Actually, PUMA and AspectC++ are still both actively maintained and updated. I was looking into using AspectC++ and was wondering about the lack of updates myself. I e-mailed the author who said that both AspectC++ and PUMA are still being developed. You can get to source code through SVN https://svn.aspectc.org/repos/or you can get regular binary builds at http://akut.aspectc.org. As with a lot of excellent c++ projects these days, the author doesn't have time to keep up with web page maintenance. Makes sense if you've got a full time job and a life.
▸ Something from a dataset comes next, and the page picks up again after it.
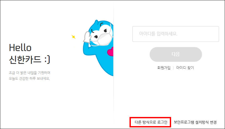 ③ 로그인 화면이 나옵니다. 신한카드 아이디가 없는 경우 하단의 '다른 방식으로 로그인'을 선택합니다.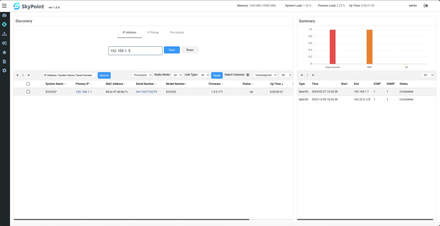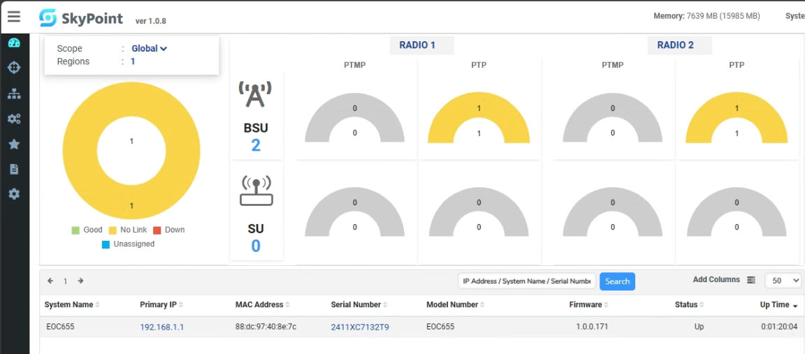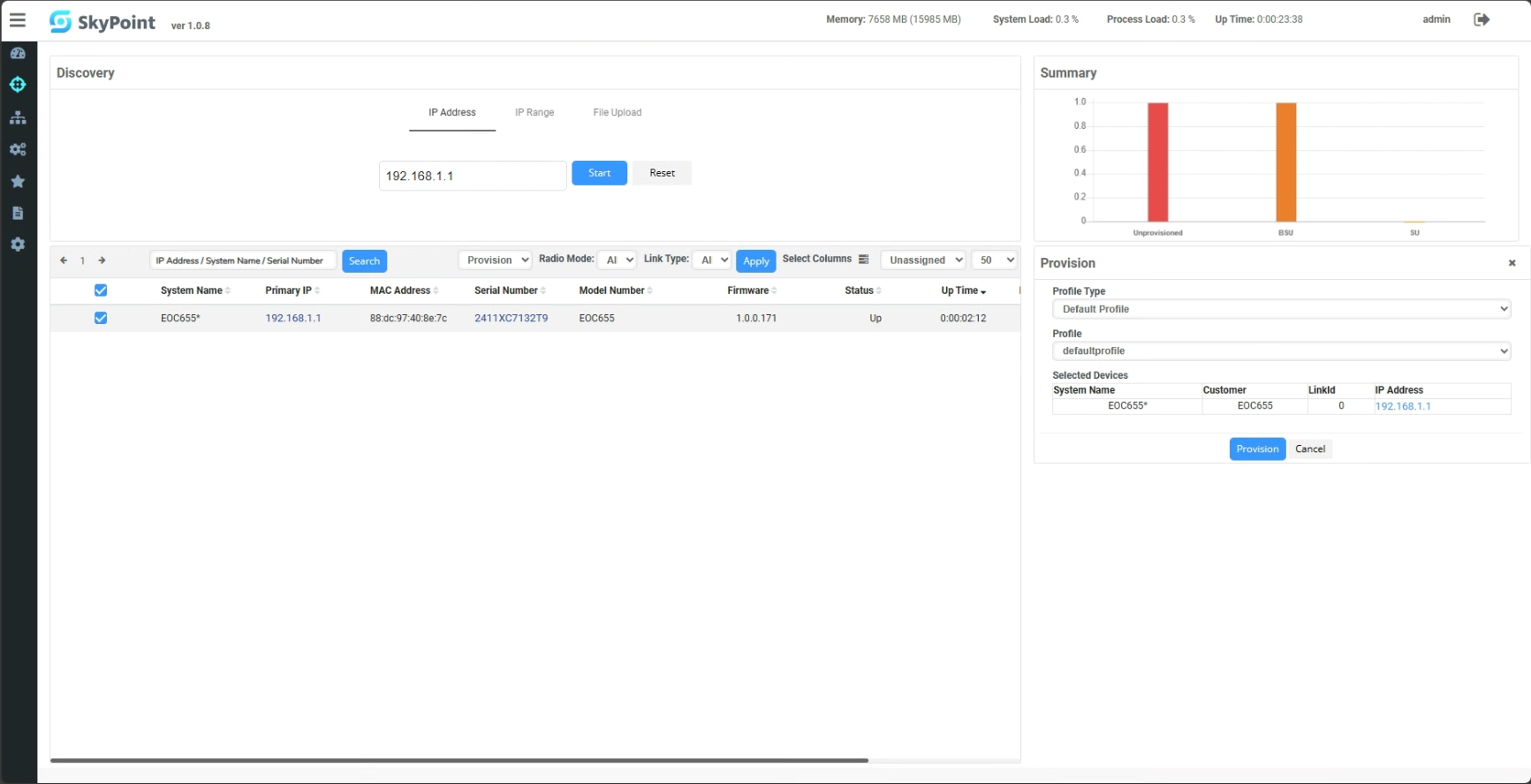 7. After completing the device provisioning, return to the Dashboard. Now, you can start monitoring and managing the EOC devices.

实际上,PUMA 和 AspectC++ 仍在积极维护和更新。我正在考虑使用 AspectC++ 并且想知道自己缺乏更新。我给作者发了电子邮件,他说 AspectC++ 和 PUMA 仍在开发中。您可以通过 SVN https://svn.aspectc.org/repos/获取源代码,或者您可以在http://akut.aspectc.org获取常规二进制构建。和现在很多优秀的c++项目一样,作者没有时间跟上网页维护。如果你有一份全职工作和生活,这是有道理的。

回答by user52875

Elsabeats everything else I know hands down for C++ parsing, even though it is not 100% compliant. I'm a fan. There's a module that prints out C++, so that may be a good starting point for your toy project.

Elsa在 C++ 解析方面击败了我所知道的一切,即使它不是 100% 兼容。我是一个粉丝。有一个模块可以打印出 C++,因此这可能是您的玩具项目的一个很好的起点。